## About this exercise
All that is needed is the lines from the one containing "Die Feuerwehr nahm" through the end of the listing, printed exactly, with no pictures among them.

## Supplied data
_ _ _ _ _ _ _

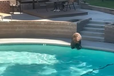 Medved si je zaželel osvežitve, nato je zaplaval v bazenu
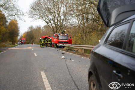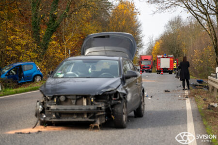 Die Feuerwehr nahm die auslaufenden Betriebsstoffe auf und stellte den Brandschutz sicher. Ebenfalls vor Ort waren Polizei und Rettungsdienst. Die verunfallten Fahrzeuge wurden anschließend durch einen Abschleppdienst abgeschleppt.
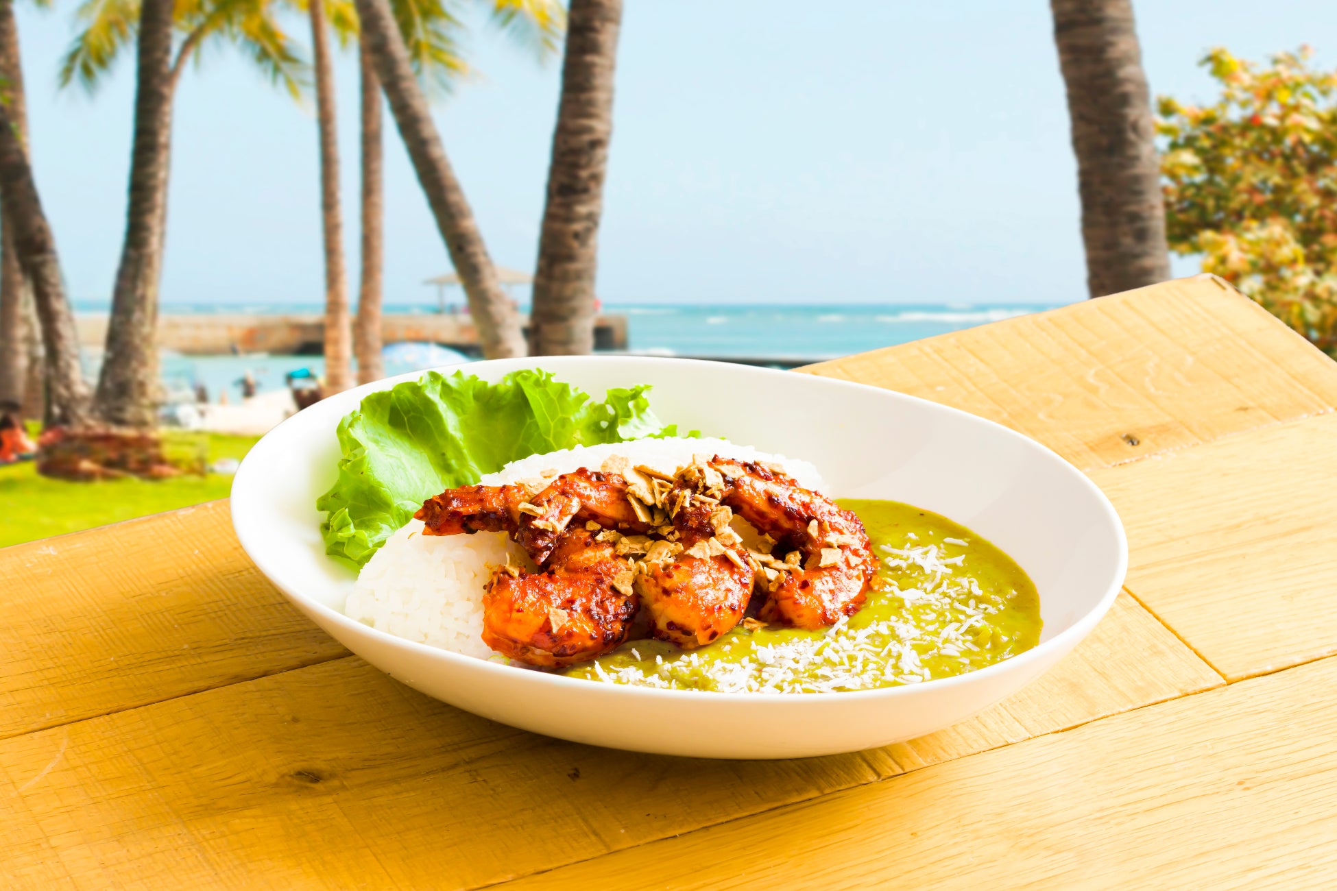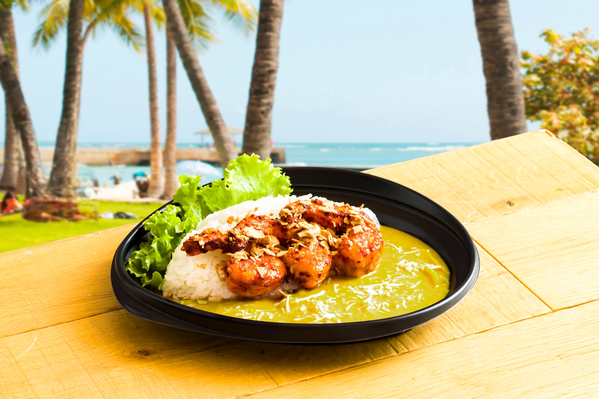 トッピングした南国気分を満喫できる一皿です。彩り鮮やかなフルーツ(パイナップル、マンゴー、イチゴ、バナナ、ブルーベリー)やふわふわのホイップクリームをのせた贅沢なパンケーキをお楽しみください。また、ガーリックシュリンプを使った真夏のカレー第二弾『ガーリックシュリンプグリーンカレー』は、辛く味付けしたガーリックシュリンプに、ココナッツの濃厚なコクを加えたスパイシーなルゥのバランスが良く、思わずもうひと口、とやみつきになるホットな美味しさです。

_ _ _ _ _ _ _

## Written answer
 Die Feuerwehr nahm die auslaufenden Betriebsstoffe auf und stellte den Brandschutz sicher. Ebenfalls vor Ort waren Polizei und Rettungsdienst. Die verunfallten Fahrzeuge wurden anschließend durch einen Abschleppdienst abgeschleppt.
 トッピングした南国気分を満喫できる一皿です。彩り鮮やかなフルーツ(パイナップル、マンゴー、イチゴ、バナナ、ブルーベリー)やふわふわのホイップクリームをのせた贅沢なパンケーキをお楽しみください。また、ガーリックシュリンプを使った真夏のカレー第二弾『ガーリックシュリンプグリーンカレー』は、辛く味付けしたガーリックシュリンプに、ココナッツの濃厚なコクを加えたスパイシーなルゥのバランスが良く、思わずもうひと口、とやみつきになるホットな美味しさです。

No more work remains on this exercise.